In the back of the book it has 6 answers, I can only get three of them. If I draw it out on the argand diagram the 3 answers I am missing would be the arguments if you carried the line on through the axis. For example I have arguments 5/12pi , pi/12, -pi/4 and am missing 3/4pi, -11/12pi and -7/12pi.

My method was to cube root both sides:
e^theta i = Z e^ -theta i
Where Z is one of the solutions to part i, by changing Z I can get 3 solutions but am missing the other three.

After seeing in the book there were six solutions I did manage to get them by letting i = e^pi/2 i and setting it equal to e^6theta i, then I just kept adding 2pi to the argument of i until I got all 6 arguments and ended up back at the beginning. However if I didn't have the answers I wouldn't have known to look for the extra three, and this method didn't involve part i) of the question (which I think it is meant to because of the 'hence').

I'd be interested to see how you all approach the problem, and an explanation of what is actually happening.


Thanks

 

[tiny-tim]

Welcome to PF!

Hi I like number! Welcome to PF!

(have a pi: π and try using the X² tag just above the Reply box )

Hint: write it (w/w*)³ = i

 

[I like number]

Hi I like number! Welcome to PF!

(have a pi: π and try using the X² tag just above the Reply box )
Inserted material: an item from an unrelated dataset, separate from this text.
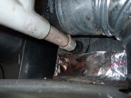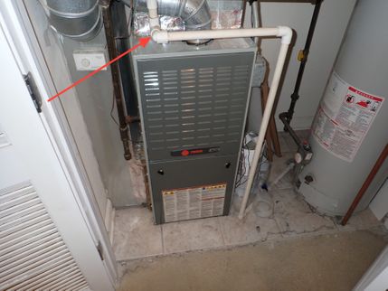 Splashing, leaking and energy losses can occur in the evaporator drain pan from air backflow through the drain pipe for the A/C condensation. The installation of a trap on the condensate drain by a qualified HVAC contractor is recommended downstream of it's penetration from the furnace casing and upstream of the humidifier drain (if one is installed).

Hint: write it (w/w*)³ = i

Thanks for the reply.
Doing that I end up with

e^2itheta=3rdrt i

From part i) of the question I have all 3 values for the 3rdrt i , so i set e^2itheta= to each of them one at a time , then find theta but this only gives 3 values.
If I was to plot the values I get on an argand diagram mine would be in the first and fourth quadrant, and I'm missing the 3 values from the second and third quadrants.

I hope I'm making sense, and thanks once again for the help.

I like number

 

[tiny-tim]

e^2itheta=3rdrt i

From part i) of the question I have all 3 values for the 3rdrt i …

ok, so you have three values for e^2iθ, which is (e^iθ)²,

so e^iθ is the square-root of that, which has two values, ± of each other.

 

[I like number]

ok, so you have three values for e^2iθ, which is (e^iθ)²,

so e^iθ is the square-root of that, which has two values, ± of each other.

*doh*!

e^iθ= ± e^π/12i
And from this I get the value I had which was π/12 if I take the positive root, if I take the negative root then the argument will be π12 + π = 13π/12 which gives the argument -11π/12 which was one of the missing ones :D If i do this for the others I'll get them :)
Perfect, thank you tiny-tim!

I like number